AIM OF THE EXERCISE: Transcribe the records below in their entirety, and leave out each image.

SUPPLIED ENTRIES:
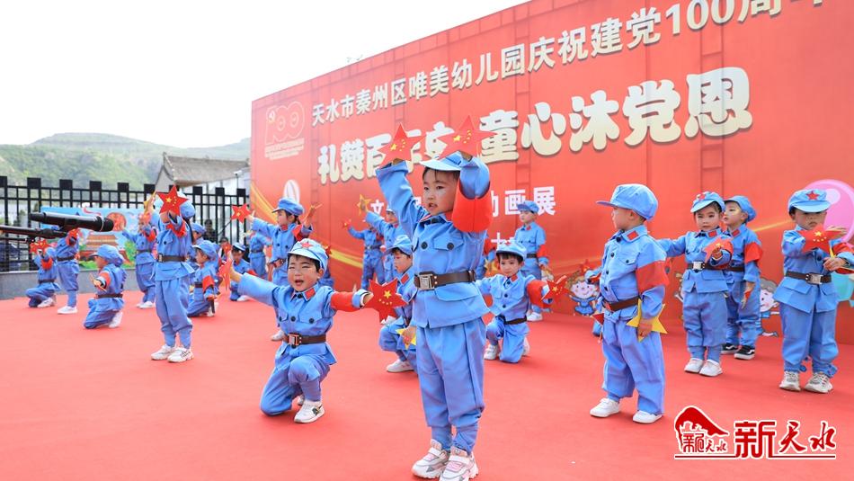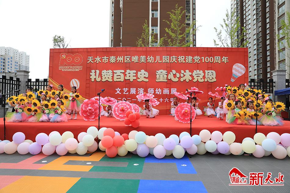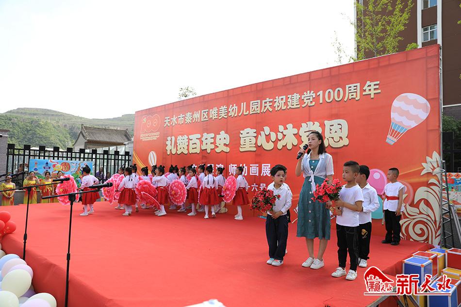 5月26日,为庆祝中国共产党建党100周年,秦州区唯美幼儿园开展了以“礼赞百年史 童心沐党恩”为主题的文艺展演和师生画展活动。
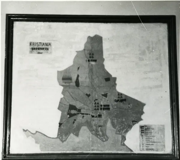 Brannvernutstillingen på Sagene brandstasjon 2.-9. januar 1936. Utstillingen var arrangert av Oslo Brannvesen i anledning Oslo Brandvæsens 75 års jubileum. Kart over Kristiania 1868 med angivelse av brannberedskapen
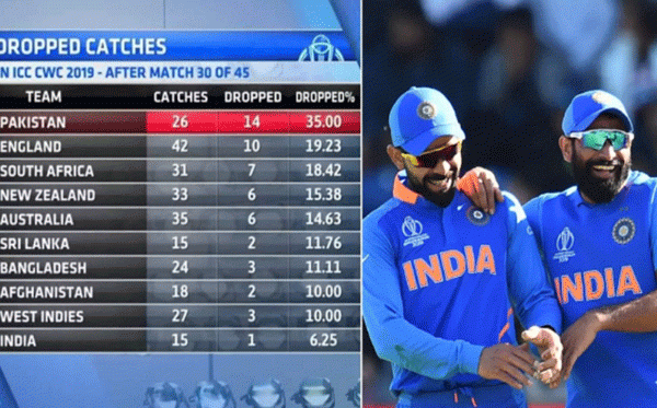 ಒಟ್ಟು 26 ಕ್ಯಾಚ್ನಲ್ಲಿ 14 ಕ್ಯಾಚ್ಗಳನ್ನು ಕೈಚೆಲ್ಲಿ ಮೊದಲ ಸ್ಥಾನದಲ್ಲಿದ್ದಾರೆ ಪಾಕಿಸ್ತಾನ. ಬಳಿಕ ಇಂಗ್ಲೆಂಡ್ 10 ಕ್ಯಾಚ್ ಬಿಟ್ಟರೇ, ದಕ್ಷಿಣ ಆಫ್ರಿಕಾ 7 ಕ್ಯಾಚ್, ನ್ಯೂಜಿಲೆಂಡ್ ತಂಡ 6, ಭಾರತ ತಂಡ 15ರಲ್ಲಿ ಕೇವಲ ಒಂದು ಕ್ಯಾಚ್ ಮಾತ್ರ ಕೈಚೆಲ್ಲಿದ್ದಾರೆ.
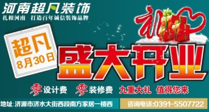 现如今“扎根河南,打造百年诚信装饰品牌”的超凡理念已经深入人心。立秋已至,济源超凡装饰经过三个月兢兢业业,勤勤恳恳的播撒诚意,决定于2014年8月30日盛大开业。
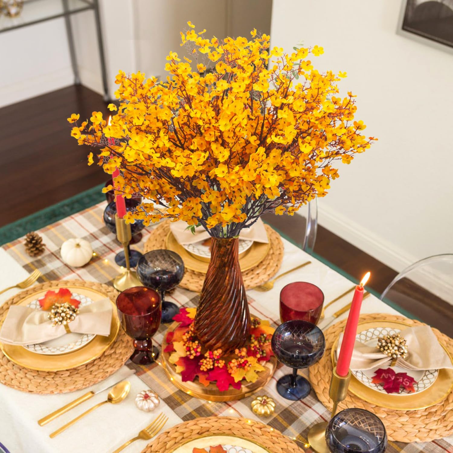 Vibrant Color and Fall Aesthetic: These Babys Breath Artificial Flowers come in a vibrant orange color that perfectly complements the autumn season. Whether used as table centerpieces for fall-themed events or as decorative accents around the house, these flowers will bring warmth and charm to any space.

EXPECTED OUTPUT:
 5月26日,为庆祝中国共产党建党100周年,秦州区唯美幼儿园开展了以“礼赞百年史 童心沐党恩”为主题的文艺展演和师生画展活动。
 Brannvernutstillingen på Sagene brandstasjon 2.-9. januar 1936. Utstillingen var arrangert av Oslo Brannvesen i anledning Oslo Brandvæsens 75 års jubileum. Kart over Kristiania 1868 med angivelse av brannberedskapen
 ಒಟ್ಟು 26 ಕ್ಯಾಚ್ನಲ್ಲಿ 14 ಕ್ಯಾಚ್ಗಳನ್ನು ಕೈಚೆಲ್ಲಿ ಮೊದಲ ಸ್ಥಾನದಲ್ಲಿದ್ದಾರೆ ಪಾಕಿಸ್ತಾನ. ಬಳಿಕ ಇಂಗ್ಲೆಂಡ್ 10 ಕ್ಯಾಚ್ ಬಿಟ್ಟರೇ, ದಕ್ಷಿಣ ಆಫ್ರಿಕಾ 7 ಕ್ಯಾಚ್, ನ್ಯೂಜಿಲೆಂಡ್ ತಂಡ 6, ಭಾರತ ತಂಡ 15ರಲ್ಲಿ ಕೇವಲ ಒಂದು ಕ್ಯಾಚ್ ಮಾತ್ರ ಕೈಚೆಲ್ಲಿದ್ದಾರೆ.
 现如今“扎根河南,打造百年诚信装饰品牌”的超凡理念已经深入人心。立秋已至,济源超凡装饰经过三个月兢兢业业,勤勤恳恳的播撒诚意,决定于2014年8月30日盛大开业。
 Vibrant Color and Fall Aesthetic: These Babys Breath Artificial Flowers come in a vibrant orange color that perfectly complements the autumn season. Whether used as table centerpieces for fall-themed events or as decorative accents around the house, these flowers will bring warmth and charm to any space.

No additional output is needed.